I am not that much of a long range shooter prefering to get as close as possible in the eithic of true hunting and not just killing. I have how ever taken a few long range shots in my day.My longest elk was a mere 497 yards, I was dead solid with Harris bi-pod back against a pine a dead wind. One shot from a puney 308 Winchester with a 165 gr. Rm. Core Loct. and it was back straps. Seemed like a long shot till I though about some of OLD TIMERS in the Vt. Nam days upsetting Charlie's with a 308at twice that range.
Got to love some of those old timers. LOL!
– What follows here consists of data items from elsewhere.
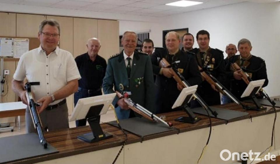Bürgermeister Martin Prey, Gauschützenmeister Manfred Muck und ein Teil der Schützenvorstandschaft legten an: Sie gaben die neuen elektronischen Stände der Pertolzhofener Schloßfalken für das Preis-Schießen frei.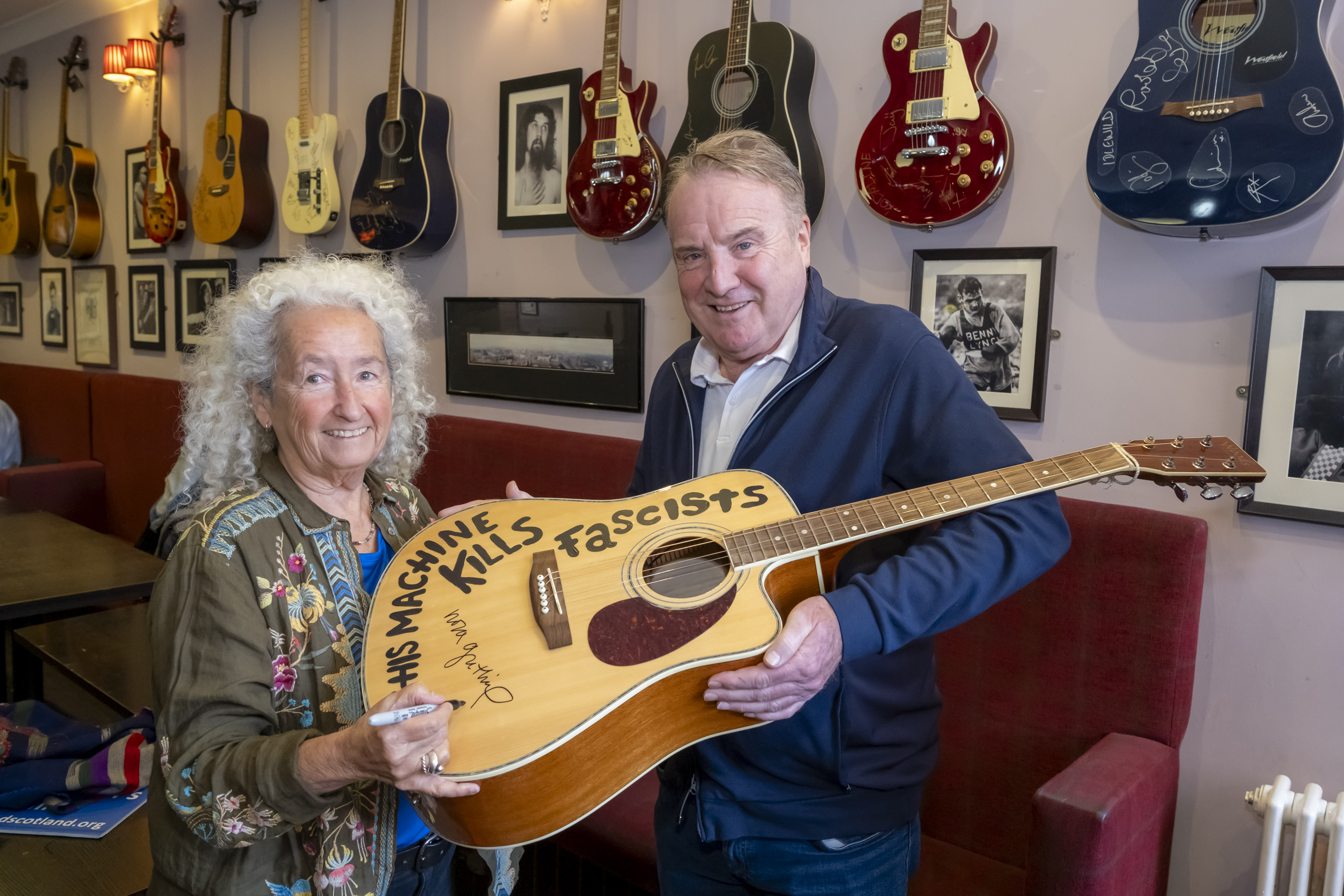 Yesterday she was welcomed to Glasgow by Scottish Huntington’s Association during her visit to The Clutha Bar on the Clydeside, where her father played an unplanned set while on shore leave from a US Merchant Navy shop during the Second World War. She also met bar owner Alan Crossan, musicians including James Allan from Glasvegas,  and members of the public who popped in to have a chat about Woody Guthrie, his music, and Huntington’s disease.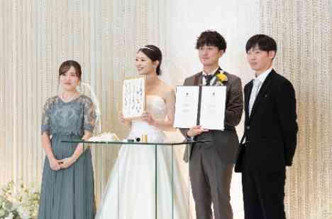結婚誓約書への立会人代表サインに おふたりが選ばれたのは新婦”専門時代の友人”新郎”幼馴染” 事前にはお伝えせず当日のサプライズに! お名前を呼ばれたおふたりはびっくりした様子でしたが、 誓約書にしっかりとサインしていただきました♪ また、受付で飾っていたウエディングツリーもゲストの方にご協力いただきついに完成! 思い出のものがまたひとつ増えました!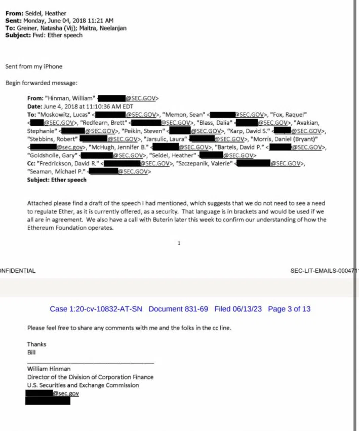 Предположения JPMorgan основаны на публикации так называемых «документов Хинмана». В 2018 году директор Отдела корпоративных финансов SEC Билл Хинман заявил, что Ethereum достаточно децентрализован и не подходит под определение ценной бумаги в соотвествии с тестом Хауи. Позицию по этому вопросу он изложил в электронном письме, которое отправил 17 адресатам в Комиссии.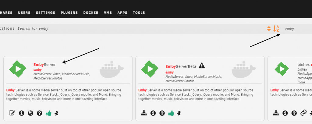 五、来到Apps界面,右上角搜索输入emby,点击第一个emby server来安装,
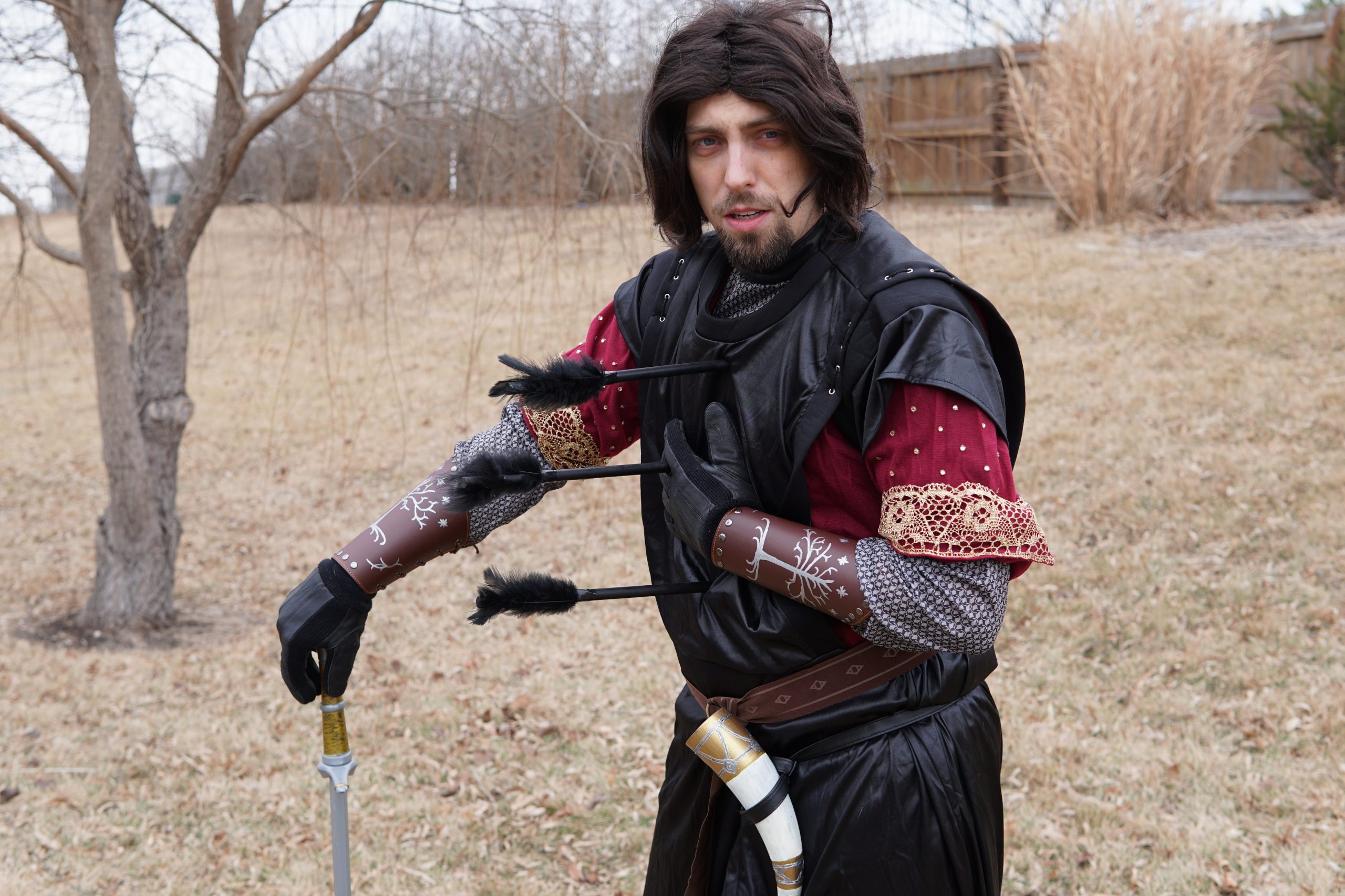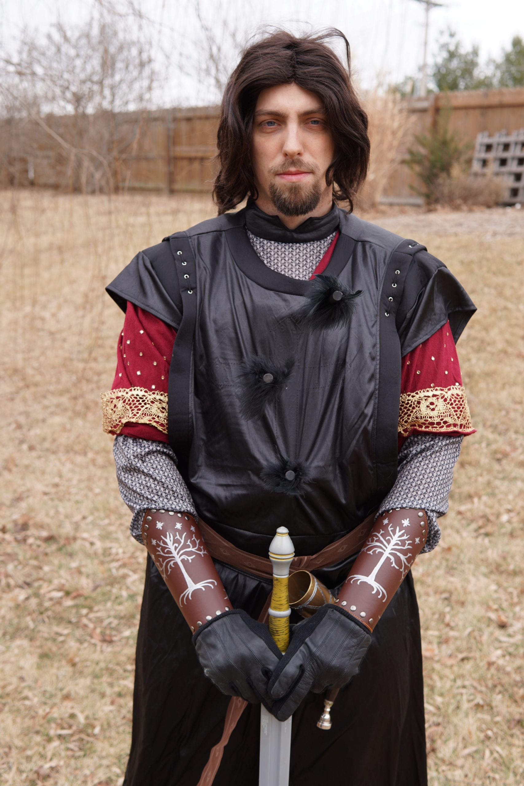 For the costume itself, we bought an Aragorn and medieval costumes, and pieced together parts (maroon shirt, black tunic, chain mail, belt, and boot covers) that looked similar to Boromir. I found some gold ribbon and embellishments to add to the maroon shirt.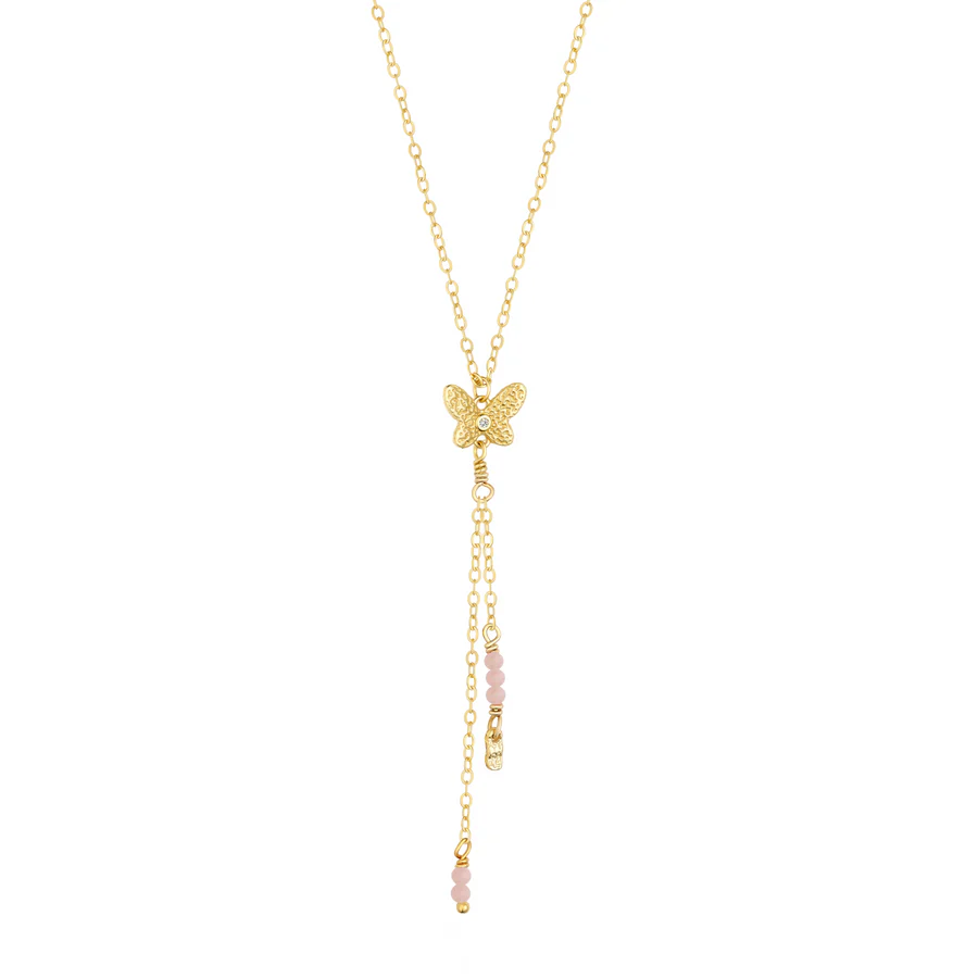 Y-kæde fra Wioga i forgyldt sterlingsølv med en fin sommerfugl med en zirkon i midten, ferskvandsperler og rosa quartz. Halskæden måler 42 cm + cm i forlængerstykke. Kæden er cm i længden. Passer til alle lejligheder.

Huh, so yer a member of the copper club too. 1000 yard bench comps and the energy and velocity to kill a big game animal are two very different things at that range, and as you should well know, was not a realistic goal til the high vel energy rounds were created. Forgive me for not clarifying "long range hunting" not "long range shooting", hell you can shoot your .22 over a mile

The Best of the West guys do it for sure, but they also have the velocity and energy to do it. I didn't know that the distance of a shot defined wether or not you were hunting or just killing, thanks for clearing that up for me. Far as the charlie at twice that range point you think you are making, charlie is considered a "soft target" a bull elk is not. The energy and vel. required to dump an elk at long range (497 really isn't what I am calling long range) is only obtainable with the big 30's on up, for the most part. Ballistics are math and math is exact. Your old stories of old calibers don't make the math add up to kill big animals at a long distance. Period
Re: Your Favorite Rifle
Posted: Mon Jul 27, 2009 12:01 pm
by Brady Davis
larry wrote:it's not bigger and faster
THey are faster
Re: Your Favorite Rifle
Posted: Mon Jul 27, 2009 9:24 pm
by Shorty
Gunwerks Long Range Hunter. Mine is in a 6.5-284 shooting 140gr. Berger VLD.
As for the balistics on the 30-378 the 7mm shooting 168gr Berger VLD will pass it up at 600yds and out run it all the way. You also have a ton more energy when it gets there and all with 30% less recoil. I'd look into that too. Go to
www.thebestofthewest.net they have some cool stuff there on guns and calibers, bullets and all sorts of things.
Re: Your Favorite Rifle
Posted: Mon Jul 27, 2009 10:08 pm
by bigboarstopper
ruger 10/22. Never fails. Cheap gun, cheap ammo, Cheap fun. Hands down my favorite gun.
Re: Your Favorite Rifle
Posted: Thu Jul 30, 2009 4:05 pm
by Grizzly_Adams
Savage 99E chambered in .300Sav but for just shooten as long as i have ear plugs i love my mini-14
Re: Your Favorite Rifle
Posted: Thu Jul 30, 2009 4:15 pm
by liontracker
Ruger #1 IN .338 Win.Mag. shooting 250gr bullet, bbl cut to 22" with quick detach scope and interchangeable peep sight. Light and fast handling. Shoots 1 inch groups. Hell of a timber gun. So far has killed 17 Bull Elk and 4 big bears with one shot each.